Stephen A. Hoogerhyde

New Horizons: April 2020

Blessings from an Empty Tomb

Also in this issue

Blessings from an Empty Tomb

Don’t Seek the Living Among the Dead

I recently heard a sermon in which the preacher spent much more time detailing the wickedness of man’s heart than displaying the grace of the God who saves. Given the text of the sermon, I could understand his emphasis, if not his balance.

Some who heard it thought the proportions wrong; others thought it was a good corrective against always talking about grace and never about holiness.

The experience got me thinking: what is the correct balance between grace and holiness? What is the correct balance for an individual sermon, and for the preacher’s body of work overall? How much should the preacher talk about the bad news of sin, and how much about the good news of grace? How best can the preacher portray the beauty of the gospel of Jesus Christ?

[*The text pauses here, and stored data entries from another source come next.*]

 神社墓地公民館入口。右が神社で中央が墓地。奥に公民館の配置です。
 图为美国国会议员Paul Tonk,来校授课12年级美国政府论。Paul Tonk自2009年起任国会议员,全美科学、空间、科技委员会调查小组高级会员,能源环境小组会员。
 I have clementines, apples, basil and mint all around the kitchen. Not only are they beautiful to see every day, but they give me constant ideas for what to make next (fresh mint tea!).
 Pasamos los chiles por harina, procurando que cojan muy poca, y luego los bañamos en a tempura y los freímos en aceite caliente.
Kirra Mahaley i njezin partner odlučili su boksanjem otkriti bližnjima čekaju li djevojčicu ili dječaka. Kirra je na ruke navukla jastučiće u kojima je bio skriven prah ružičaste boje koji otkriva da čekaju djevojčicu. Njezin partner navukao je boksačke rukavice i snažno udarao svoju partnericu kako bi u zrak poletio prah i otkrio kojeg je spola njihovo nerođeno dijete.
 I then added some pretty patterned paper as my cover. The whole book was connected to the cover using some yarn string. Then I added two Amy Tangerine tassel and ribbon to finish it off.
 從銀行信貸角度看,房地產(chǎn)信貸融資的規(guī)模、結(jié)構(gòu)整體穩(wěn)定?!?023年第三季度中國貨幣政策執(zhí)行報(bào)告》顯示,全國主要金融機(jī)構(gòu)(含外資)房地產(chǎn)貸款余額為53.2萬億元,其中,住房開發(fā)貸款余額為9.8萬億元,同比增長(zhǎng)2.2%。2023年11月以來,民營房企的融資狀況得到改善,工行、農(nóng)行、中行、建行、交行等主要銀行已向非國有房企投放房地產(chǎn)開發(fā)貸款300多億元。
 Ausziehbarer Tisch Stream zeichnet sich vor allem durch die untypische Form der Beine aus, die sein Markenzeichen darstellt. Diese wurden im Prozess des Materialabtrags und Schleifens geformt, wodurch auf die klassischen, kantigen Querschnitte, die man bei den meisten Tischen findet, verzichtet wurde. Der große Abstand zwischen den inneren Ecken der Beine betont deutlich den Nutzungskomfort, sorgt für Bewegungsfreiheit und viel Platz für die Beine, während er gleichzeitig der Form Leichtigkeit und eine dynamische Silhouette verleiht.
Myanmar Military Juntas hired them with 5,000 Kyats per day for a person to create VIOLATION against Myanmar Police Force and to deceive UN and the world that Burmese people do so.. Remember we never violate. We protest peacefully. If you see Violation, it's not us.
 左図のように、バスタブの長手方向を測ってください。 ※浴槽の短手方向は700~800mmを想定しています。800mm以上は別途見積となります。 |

Major and Minor Themes of the Christian Worldview

Francis Schaeffer, that well-known Reformed apologist of the previous century, states in Art and the Bible that the Christian worldview can be divided into a major and a minor theme. The minor theme is the “abnormality of the revolting world” (83), which includes both unregenerate sinners revolting against God and redeemed sinners struggling against sin in their lives. The major theme is the “meaningfulness and purposefulness of life” (84). This theme expresses itself both in a metaphysical sense—that is, God exists and man as made in his image has significance—and in a moral sense—that is, God’s character exposes man’s sinfulness but also provides the solution through Christ’s redeeming work.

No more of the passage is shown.